• [WHAT TO PRODUCE] For the material below, return exactly the lines starting at the one holding "ADXL313 3-Axis, ±0.5" and ending at the one holding "Break down Goals", counting both as part of the range.

• [RECORDS FOR THE EXERCISE]
§ §

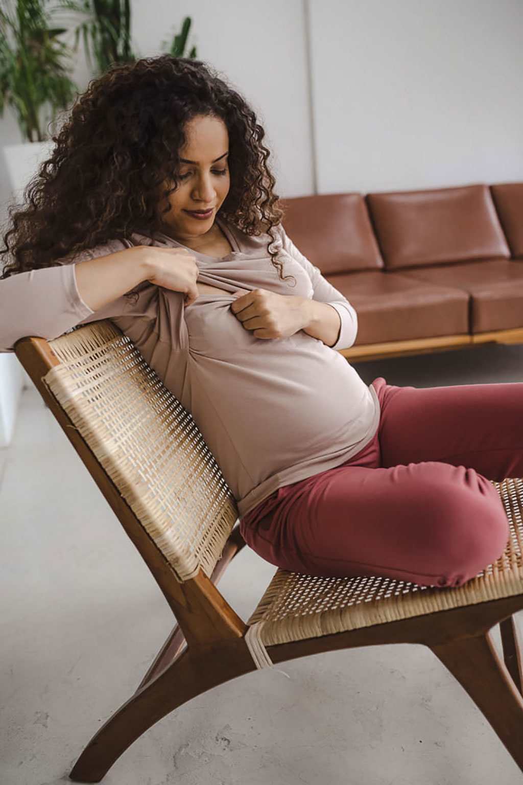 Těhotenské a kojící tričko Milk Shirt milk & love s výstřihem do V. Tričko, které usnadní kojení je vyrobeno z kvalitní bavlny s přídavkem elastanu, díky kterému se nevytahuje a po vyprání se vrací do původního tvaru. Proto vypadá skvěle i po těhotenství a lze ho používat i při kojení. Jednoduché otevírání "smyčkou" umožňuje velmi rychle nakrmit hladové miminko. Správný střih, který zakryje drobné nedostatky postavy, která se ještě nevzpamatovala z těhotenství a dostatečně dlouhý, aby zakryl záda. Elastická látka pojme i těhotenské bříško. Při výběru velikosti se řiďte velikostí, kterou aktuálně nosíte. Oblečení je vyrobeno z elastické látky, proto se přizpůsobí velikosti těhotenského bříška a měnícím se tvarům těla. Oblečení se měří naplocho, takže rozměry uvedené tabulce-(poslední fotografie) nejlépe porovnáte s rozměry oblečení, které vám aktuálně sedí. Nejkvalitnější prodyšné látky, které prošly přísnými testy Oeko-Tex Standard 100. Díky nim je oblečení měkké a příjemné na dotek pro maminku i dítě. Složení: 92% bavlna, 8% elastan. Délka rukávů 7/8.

§ §

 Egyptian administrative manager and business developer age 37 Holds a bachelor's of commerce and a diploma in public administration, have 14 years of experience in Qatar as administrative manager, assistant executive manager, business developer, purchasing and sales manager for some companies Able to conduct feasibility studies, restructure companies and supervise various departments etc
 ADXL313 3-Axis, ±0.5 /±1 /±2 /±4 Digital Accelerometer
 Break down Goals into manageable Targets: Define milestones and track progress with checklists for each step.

§ §

• [TASK RESPONSE]
 ADXL313 3-Axis, ±0.5 /±1 /±2 /±4 Digital Accelerometer
 Break down Goals into manageable Targets: Define milestones and track progress with checklists for each step.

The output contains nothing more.